Answering complex questions involving multiple entities and relations is a challenging task. Logically, the answer to a complex question should be derived by decomposing the complex question into multiple simple sub-questions and then answering those sub-questions. Existing work has followed this strategy but has not attempted to optimize the order of how those sub-questions are answered. As a result, the sub-questions are answered in an arbitrary order, leading to larger search space and a higher risk of missing an answer. In this paper, we propose a novel reinforcement learning(RL) approach to answering complex questions that can learn a policy to dynamically decide which sub-question should be answered at each stage of reasoning.

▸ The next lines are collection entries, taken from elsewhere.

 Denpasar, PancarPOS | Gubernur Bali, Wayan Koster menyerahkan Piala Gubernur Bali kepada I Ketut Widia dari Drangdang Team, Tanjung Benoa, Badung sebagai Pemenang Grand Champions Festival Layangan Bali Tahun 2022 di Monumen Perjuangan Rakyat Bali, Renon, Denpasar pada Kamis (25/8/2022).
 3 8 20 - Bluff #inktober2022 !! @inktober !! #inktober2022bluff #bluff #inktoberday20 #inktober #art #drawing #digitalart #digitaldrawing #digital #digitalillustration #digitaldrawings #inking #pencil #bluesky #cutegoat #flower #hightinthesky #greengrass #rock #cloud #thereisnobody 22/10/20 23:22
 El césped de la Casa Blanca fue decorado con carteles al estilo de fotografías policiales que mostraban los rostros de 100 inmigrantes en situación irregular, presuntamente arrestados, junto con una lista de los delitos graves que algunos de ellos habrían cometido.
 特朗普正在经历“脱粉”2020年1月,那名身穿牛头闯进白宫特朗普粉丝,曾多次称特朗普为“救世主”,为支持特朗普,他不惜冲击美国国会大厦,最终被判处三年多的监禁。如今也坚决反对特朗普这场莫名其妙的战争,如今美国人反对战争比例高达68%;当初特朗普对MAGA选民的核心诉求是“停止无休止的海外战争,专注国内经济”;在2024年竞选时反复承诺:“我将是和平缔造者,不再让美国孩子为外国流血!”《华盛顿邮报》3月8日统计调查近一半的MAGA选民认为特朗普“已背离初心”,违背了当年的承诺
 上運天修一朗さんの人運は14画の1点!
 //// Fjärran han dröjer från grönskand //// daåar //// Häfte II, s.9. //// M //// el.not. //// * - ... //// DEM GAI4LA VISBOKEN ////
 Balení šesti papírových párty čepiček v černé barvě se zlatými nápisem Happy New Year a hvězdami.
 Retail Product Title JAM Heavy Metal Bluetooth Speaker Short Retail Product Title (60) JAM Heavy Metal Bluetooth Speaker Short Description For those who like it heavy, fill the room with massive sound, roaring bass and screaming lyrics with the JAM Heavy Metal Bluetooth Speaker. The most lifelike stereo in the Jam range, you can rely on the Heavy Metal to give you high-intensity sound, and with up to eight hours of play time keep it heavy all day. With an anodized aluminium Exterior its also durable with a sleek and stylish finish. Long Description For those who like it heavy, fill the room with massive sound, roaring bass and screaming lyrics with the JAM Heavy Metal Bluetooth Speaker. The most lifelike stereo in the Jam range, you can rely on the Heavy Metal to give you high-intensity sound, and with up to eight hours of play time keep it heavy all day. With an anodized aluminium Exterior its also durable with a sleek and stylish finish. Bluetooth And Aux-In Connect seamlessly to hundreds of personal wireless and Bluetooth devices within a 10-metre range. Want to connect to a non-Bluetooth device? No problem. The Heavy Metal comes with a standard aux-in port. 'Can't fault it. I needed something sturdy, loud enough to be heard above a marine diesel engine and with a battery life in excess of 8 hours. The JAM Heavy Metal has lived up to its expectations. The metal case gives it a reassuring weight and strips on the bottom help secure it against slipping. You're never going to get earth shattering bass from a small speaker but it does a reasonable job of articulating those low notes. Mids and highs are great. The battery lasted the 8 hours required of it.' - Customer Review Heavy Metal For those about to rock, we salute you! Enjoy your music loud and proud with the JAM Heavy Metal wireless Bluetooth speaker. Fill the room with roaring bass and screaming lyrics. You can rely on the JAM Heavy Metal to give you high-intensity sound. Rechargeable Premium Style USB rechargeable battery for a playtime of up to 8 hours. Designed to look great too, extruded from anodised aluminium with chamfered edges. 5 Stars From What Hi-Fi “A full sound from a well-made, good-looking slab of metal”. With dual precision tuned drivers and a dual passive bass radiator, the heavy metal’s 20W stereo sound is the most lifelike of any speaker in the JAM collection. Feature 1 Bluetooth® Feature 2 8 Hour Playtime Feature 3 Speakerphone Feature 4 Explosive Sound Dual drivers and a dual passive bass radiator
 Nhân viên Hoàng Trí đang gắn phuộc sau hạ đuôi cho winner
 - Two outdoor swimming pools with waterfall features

We lever-age the expected value-variance criterion to enable the learned policy to balance between the risk and utility of answering a sub-question. Experiment results show that the RL approach can substantially improve the optimality of ordering the sub-questions, leading to improved accuracy of question answering. The proposed method for learning to order sub-questions is general and can thus be potentially combined with many existing ideas for answering complex questions to enhance their performance.